Computers are being used to interrogate massive data sets and identify trends that humans might never spot. I’d throughly recommend reading Paul Bradshaw’s Online Journalism Blog if you are interested in exploring this area.
Automated research and editing
My Northumberland Social hackathon experiment used automatic techniques to gather and filter content. Human intervention is required solely to edit and publish content although with some further thought that too could almost certainly be automated.

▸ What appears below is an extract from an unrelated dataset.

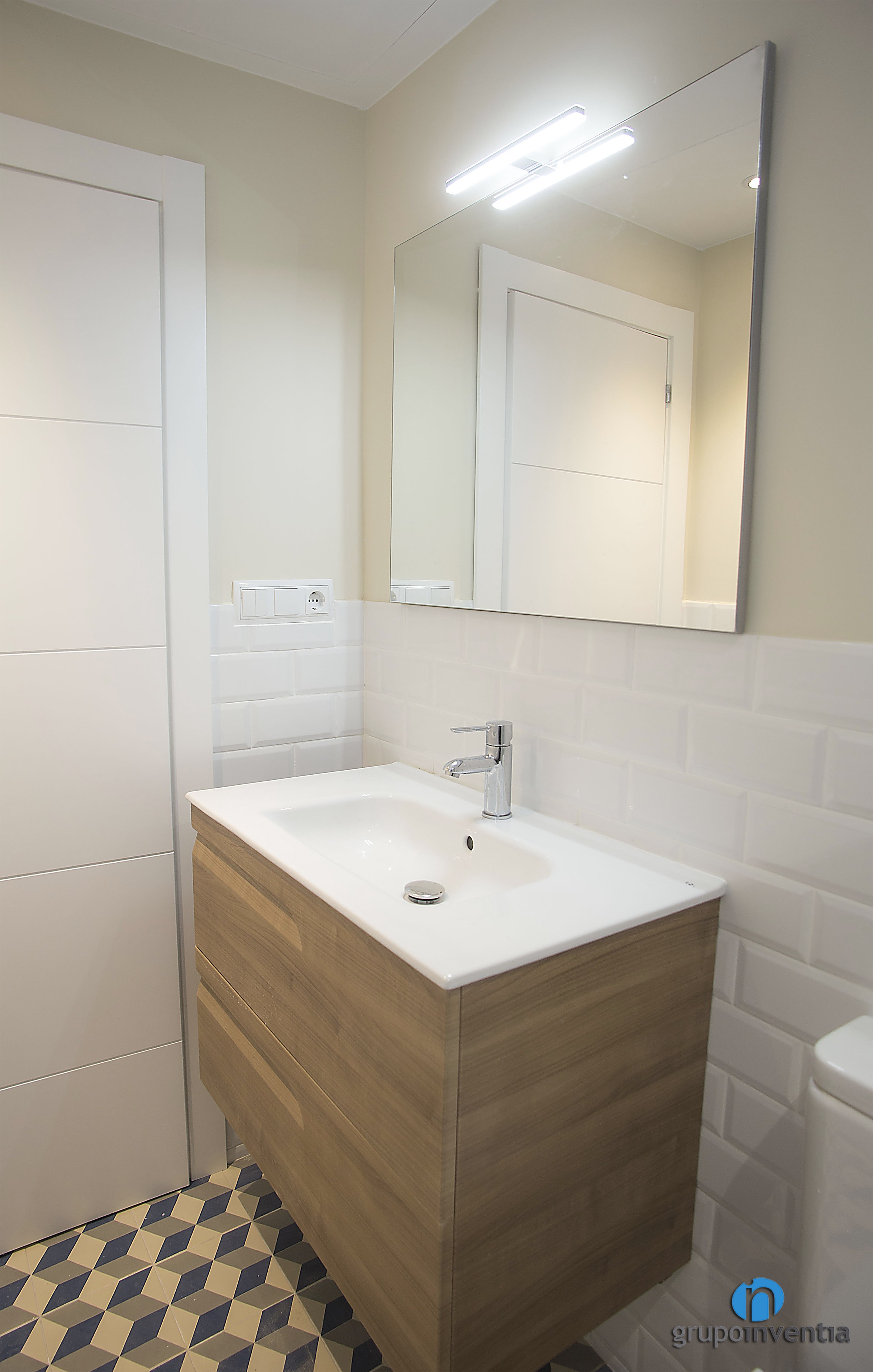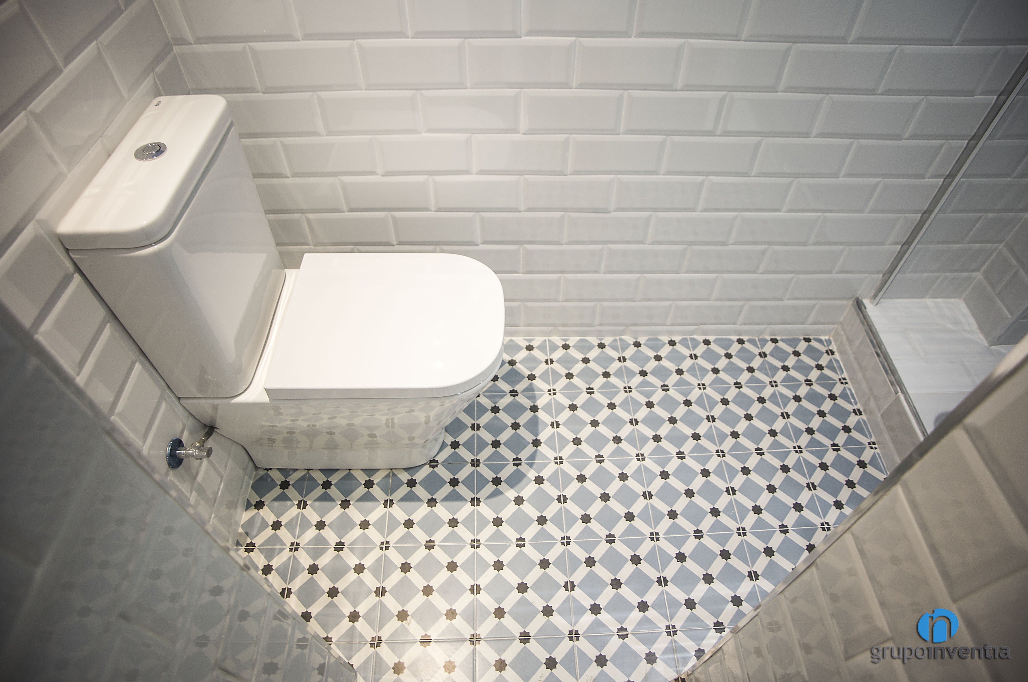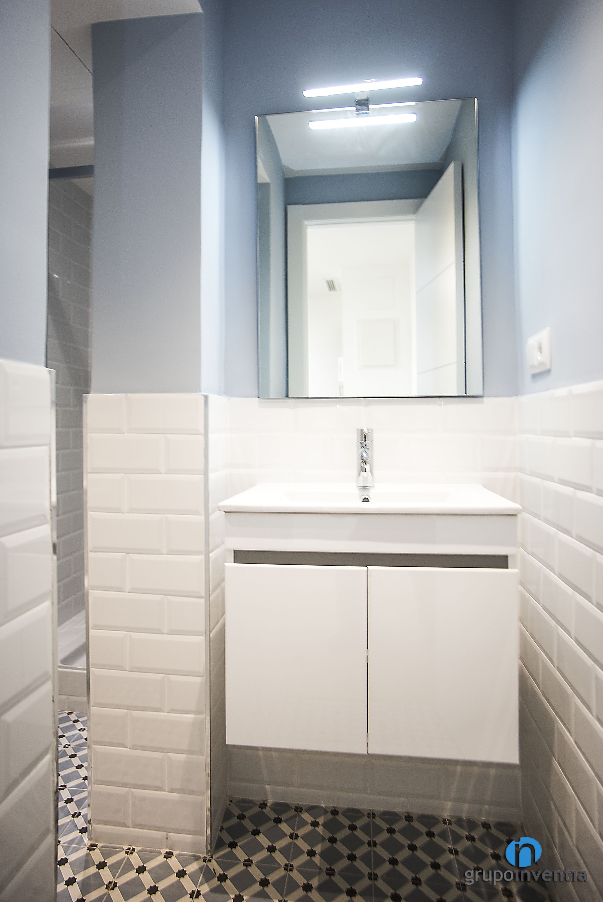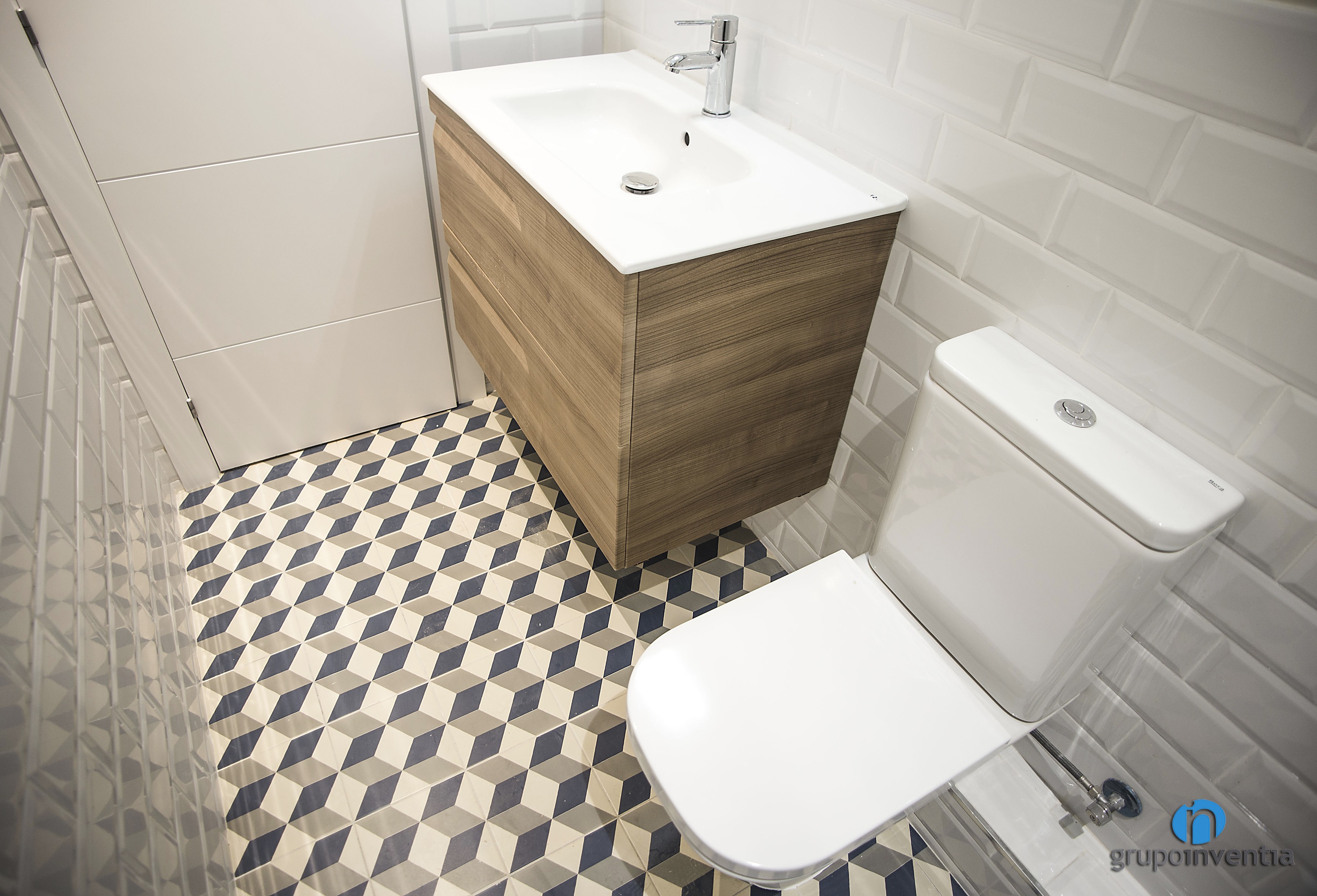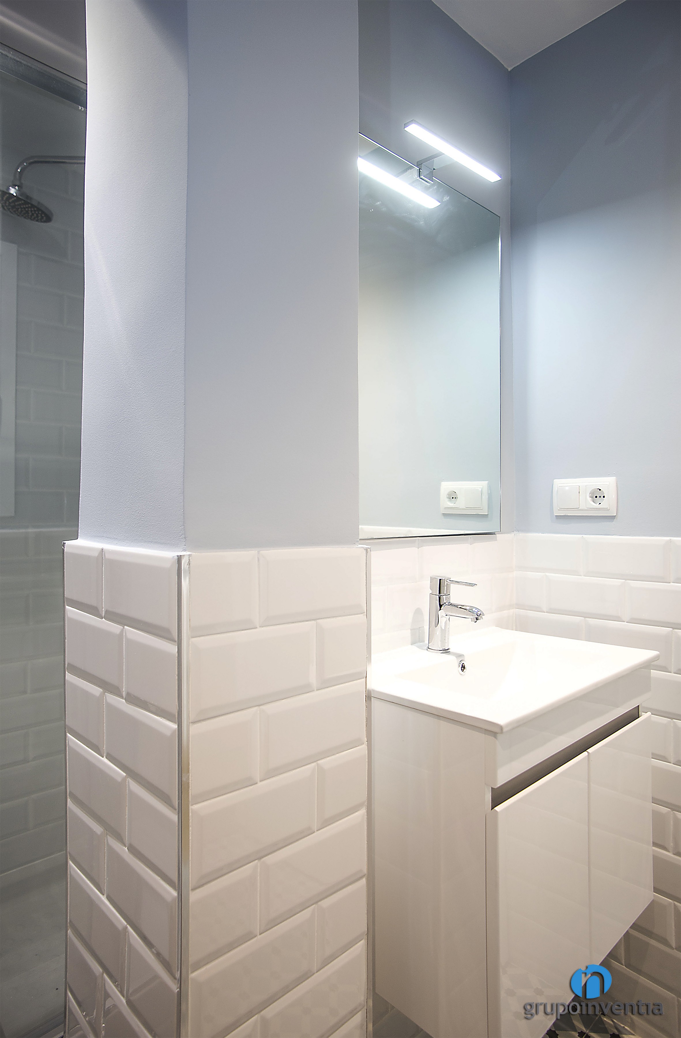 En ambdues reformes de bany es va apostar per un enrajolat a mitja alçada amb rajoles bisellades de color blanc. Tot i que es van utilitzar tons diferents per pintar les parets, el resultat va ser el de dues cambres de bany molt lluminosos i amplis. A més, en els dos es va col·locar un paviment de disseny hidràulic que els aporta molta personalitat.

Percolate, a New York based start-up, helps brands identify relevant conversations that are taking place across the social web. From here it is a short step to understanding how to engage as a brand on these new platforms rather than spamming press releases in Facebook groups as The Economist Lean Back 2.0 blog spotlighted yesterday.
Computers as storytellers
Narrative Science goes a stage beyond these techniques. It applies computer algorithms to report the facts of a story without human intervention. It’s applying its technology to stories that rely on lots of data such as finance and sport. Computers can’t yet convey emotion or pace in a story but they can do a good job of reporting facts.
Summaries of school and college sports events and financial market reports are reported by stitching together results and building a narrative around the data. There are only so many ways that you can comment on the progress of a game of cricket or the movement of a stock.
In a delightful twist of irony if you head to Narrative Science’s web site you’ll find a list of articles about the firm from the mainstream media. For now at least there are no machines involved in reporting developments about the firm.
Automated content generation is already happening in other corners of the web. The BBC is using semantic web technologies as part of its sports reporting and machines will form at least part of its reporting of the London 2012 Olympics stating that it enables journalists to focus on the craft of storytelling.
Web 3.0: the semantic web
Machined media is a topic that Philip Sheldrake has blogged about at length. He claims that as the web becomes a universal media for the exchange of data, the discovery and creation of content can become autonomous. If Web 1.0 was an interlinked documentation system, and Web 2.0 is the social web, then Web 3.0, known as the semantic web, will add context to data on the web so that the web itself, or at least the machines connected to it, can understand what it all means.
This blog post was written by a human.